The second blogging rule I learned was…

  1. Write for yourself (or “write  like no one is reading”)

I’ve wanted to write about the following for a while, but I’ve been concerned my “foodie” followers are going to think this post has come out of left field.

I’m a member of a dating site that, in addition to a photo and a profile, includes a romantic compatibility percentage that’s based on questions we’ve answered.  Although I don’t rely on this compatibility scale completely, I have definitely ruled out those that don’t hit at least 70% compatibility.   I believe a couple should have a good set of shared values and interests to make a strong, connected, relationship – kindred spirits, so to speak. If we’re on opposite sides of the fence to begin with, it’s only going to get worse.

Unexpectedly,  a few months after we broke up, I found my ex on the same dating site.  For most of the time, I’ve kept his profile hidden.  In the past month, it hasn’t bothered me so much and I finally un-hid him.  His profile came up in my search the other day.  Surprisingly, our compatibility is a dismal 46%. 46 percent?  This was the man I loved, the man that seemed perfect for me, the man I could picture growing old with.  46 percent?  We never fought; we always seemed to have the same views – we had (I thought) a great relationship.  Who was this man?  How much did he keep hidden from me?  What was he really thinking while shaking his head “yes” in agreement to my observations?
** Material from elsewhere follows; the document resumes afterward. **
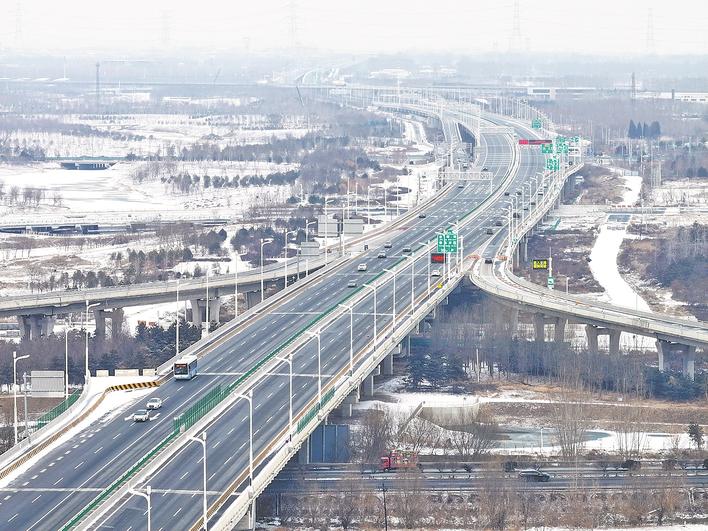 这是1月18日拍摄的京雄高速雄安新区启动区连接线(无人机照片)。记者从河北省交通运输厅获悉,“十四五”时期,河北省高速公路总里程突破9000公里,与京津高速公路接口达30个,雄安新区“四纵三横”对外高速公路网进一步加密,雄安新区与京津实现高速公路直连直通,京雄两地1小时通达,京津冀交通一体化全面提速。新华社记者 朱旭东 摄

Seven months ago, I thought I would never get over him.  I thought I was ruined forever and I had my one shot at happiness. Each week, it gets a little easier (with big thanks to the Wellbutrin).  This most recent discovery just helps a bit more to dislodge him from my heart.  I deserve better – I deserve more than 46%.

The Second Date

She is sitting at the bar in her sexy new dress, waiting and furtively glancing at the door.  He walks in.  Her heart sinks.  He’s as she remembers him from their first date – tall, a little dorky with an uneven goatee. “Do guys still wear goatees?” she wonders.  All of the parts are there – tall, dark hair, glasses and an artist – but somehow they don’t fit together in a way that makes her heart flutter.  They sit down for dinner and, as he stares at her blankly, she tries to think of something to say.  “What did you do today?” she asks.  Blah…blah…blah is what she hears.  How could someone so creative be so dull, boring and monotone? She tries to get a bottle of wine as quickly as possible to numb herself.  She gently leads him towards a good bottle.  He orders ravioli and she, gnocchi.  He’s never heard of or seen gnocchi before.  She doesn’t want to be a food snob, really, but she is stunned that he’s never even HEARD of the Italian dumplings before tonight.  After dinner, he asks her to join him for drinks.  She wants to make her get-away, but thinks it would be rude to dine and dash.  He is a gentleman…a perfect gentleman…a perfect boring gentleman…a perfect boring one-note gentleman…a perfect boring one-note gentleman with absolutely nothing in common with her.  She tried – and it was a resounding failure.  She misses her old life, with the man that she loved.

Hi D,

I just got your message from last night. I didn’t hear my phone ring. Thank you again for Saturday evening. You are a true gentleman. After going out twice, I’m sorry to say that I don’t feel there’s enough of a connection between us to take this into anything romantic. I’m not feeling the chemistry that needs to be there. Good luck with your search (and your upcoming shows).